== RAW DATA

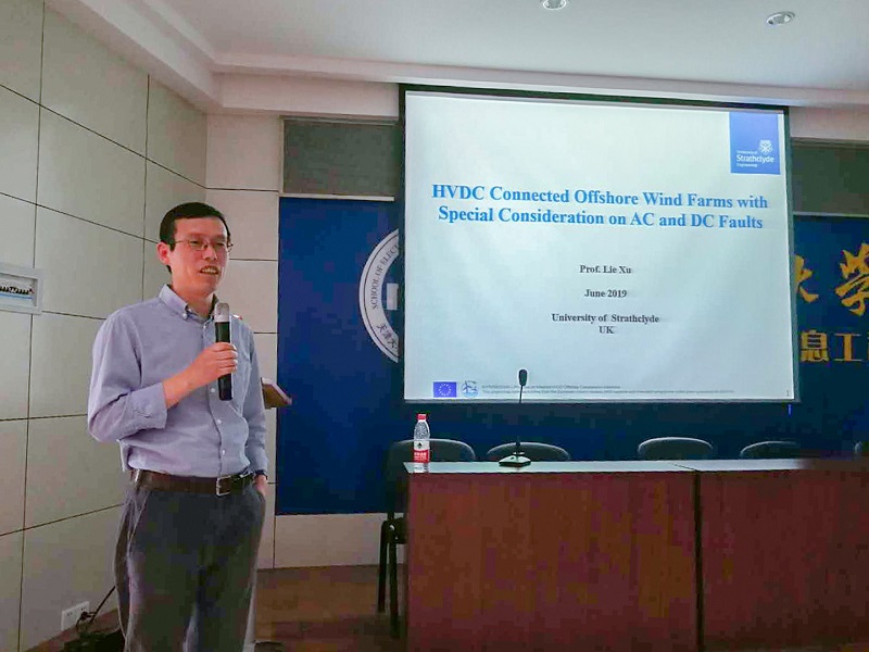 徐烈教授首先介绍了英国以及欧洲海上风电的发展现状,之后分析了岸上电网、直流电网以及离岸弱网故障时各自特性,接着分别介绍了针对离岸弱网的现有MMC并网方案与新型DRU并网方案,并从工程造价、运营维护成本、故障特性等方面对比分析DRU方案所具有的优势。最后,徐烈教授分享了自身的科研经历,并向同学们送出寄语。讲座结束后,徐烈教授与在座师生进行了深入的交流讨论。
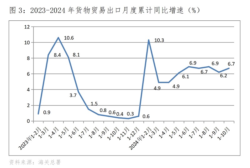 (三)貨物出口增速由落轉升。1-10月份,貨物出口同比增長6.7%,比1-9月份增長6.2%回升0.5個百分點,1-9月份比1-8月份回落0.7個百分點,呈現出增速由降轉升的態(tài)勢。貨物出口對主要貿易出口經濟體增速全面回升,1-10月份對歐盟出口增長3.5%,比1-9月份回升0.8個百分點;對美國出口增長4.9%,比1-9月份回升0.3個百分點;對東盟出口增長12.5%,比1-9月份回升0.2個百分點;對拉丁美洲出口增長14.5%,比1-9月份回升0.8個百分點。
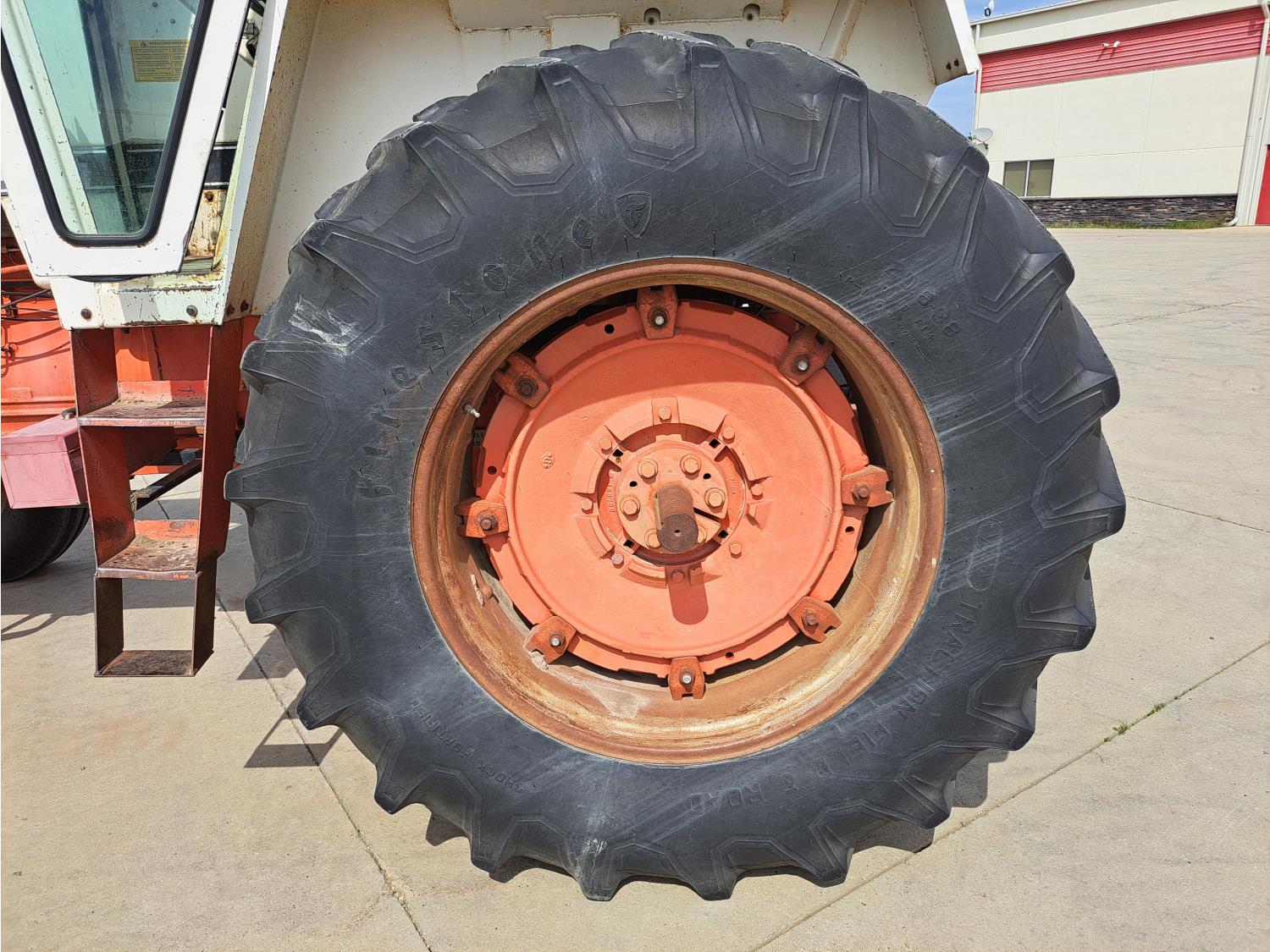 case 7.4 L 6 cylinder 112 HP, diesel engine, 101 PTO HP, 12 speed partial power shift transmission, cab, radio, 540/1000 PTO, 2 rear hydraulic outlets, 11.00-16 front tires, 20.8-38 rear tires
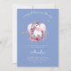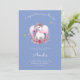 This simple blue and pink magical birthday party invitation features a watercolour illustration of a floral unicorn surrounded by hearts and gold butterflies, accompanied by the phrase "a magical time is on the way" in elegant script typography. Customise it with your little girl's details, and use the editing tool to adjust the font size, placement, and colour to suit your needs.

====

WHAT IS EXPECTED: All of the listing above has to be reproduced exactly, though without its images.

COMPLETED TASK:
 徐烈教授首先介绍了英国以及欧洲海上风电的发展现状,之后分析了岸上电网、直流电网以及离岸弱网故障时各自特性,接着分别介绍了针对离岸弱网的现有MMC并网方案与新型DRU并网方案,并从工程造价、运营维护成本、故障特性等方面对比分析DRU方案所具有的优势。最后,徐烈教授分享了自身的科研经历,并向同学们送出寄语。讲座结束后,徐烈教授与在座师生进行了深入的交流讨论。
 (三)貨物出口增速由落轉升。1-10月份,貨物出口同比增長6.7%,比1-9月份增長6.2%回升0.5個百分點,1-9月份比1-8月份回落0.7個百分點,呈現出增速由降轉升的態(tài)勢。貨物出口對主要貿易出口經濟體增速全面回升,1-10月份對歐盟出口增長3.5%,比1-9月份回升0.8個百分點;對美國出口增長4.9%,比1-9月份回升0.3個百分點;對東盟出口增長12.5%,比1-9月份回升0.2個百分點;對拉丁美洲出口增長14.5%,比1-9月份回升0.8個百分點。
 case 7.4 L 6 cylinder 112 HP, diesel engine, 101 PTO HP, 12 speed partial power shift transmission, cab, radio, 540/1000 PTO, 2 rear hydraulic outlets, 11.00-16 front tires, 20.8-38 rear tires
 This simple blue and pink magical birthday party invitation features a watercolour illustration of a floral unicorn surrounded by hearts and gold butterflies, accompanied by the phrase "a magical time is on the way" in elegant script typography. Customise it with your little girl's details, and use the editing tool to adjust the font size, placement, and colour to suit your needs.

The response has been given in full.